**WHAT YOU ARE ASKED TO DO:**
Repeat the lines below exactly as written, please, from the line with "Women's Retro Ethnic" to the line with "Benjamin Franklin resided", both lines included, and no others.

**PROVIDED DATA:**
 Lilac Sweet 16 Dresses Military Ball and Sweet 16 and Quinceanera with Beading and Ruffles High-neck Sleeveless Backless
--
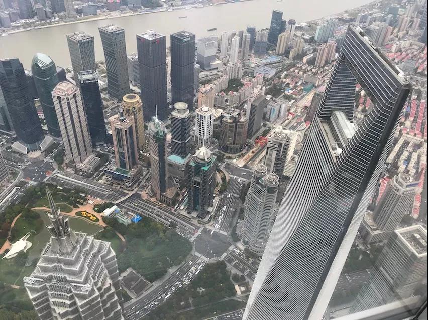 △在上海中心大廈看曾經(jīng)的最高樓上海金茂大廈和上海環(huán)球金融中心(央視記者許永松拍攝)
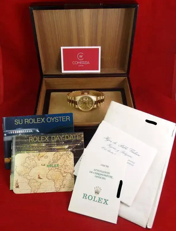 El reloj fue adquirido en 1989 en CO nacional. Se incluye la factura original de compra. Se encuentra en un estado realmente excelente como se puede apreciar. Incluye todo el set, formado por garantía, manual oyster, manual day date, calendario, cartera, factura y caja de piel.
...
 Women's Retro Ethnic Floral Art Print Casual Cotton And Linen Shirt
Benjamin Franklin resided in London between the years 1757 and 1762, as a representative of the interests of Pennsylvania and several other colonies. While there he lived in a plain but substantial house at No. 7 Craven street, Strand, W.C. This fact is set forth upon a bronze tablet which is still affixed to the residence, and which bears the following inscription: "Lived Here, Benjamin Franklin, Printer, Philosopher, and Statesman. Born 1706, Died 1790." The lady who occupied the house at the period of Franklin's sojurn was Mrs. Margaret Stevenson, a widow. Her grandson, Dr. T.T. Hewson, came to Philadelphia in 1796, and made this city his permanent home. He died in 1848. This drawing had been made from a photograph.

**REPLY:**
 Women's Retro Ethnic Floral Art Print Casual Cotton And Linen Shirt
Benjamin Franklin resided in London between the years 1757 and 1762, as a representative of the interests of Pennsylvania and several other colonies. While there he lived in a plain but substantial house at No. 7 Craven street, Strand, W.C. This fact is set forth upon a bronze tablet which is still affixed to the residence, and which bears the following inscription: "Lived Here, Benjamin Franklin, Printer, Philosopher, and Statesman. Born 1706, Died 1790." The lady who occupied the house at the period of Franklin's sojurn was Mrs. Margaret Stevenson, a widow. Her grandson, Dr. T.T. Hewson, came to Philadelphia in 1796, and made this city his permanent home. He died in 1848. This drawing had been made from a photograph.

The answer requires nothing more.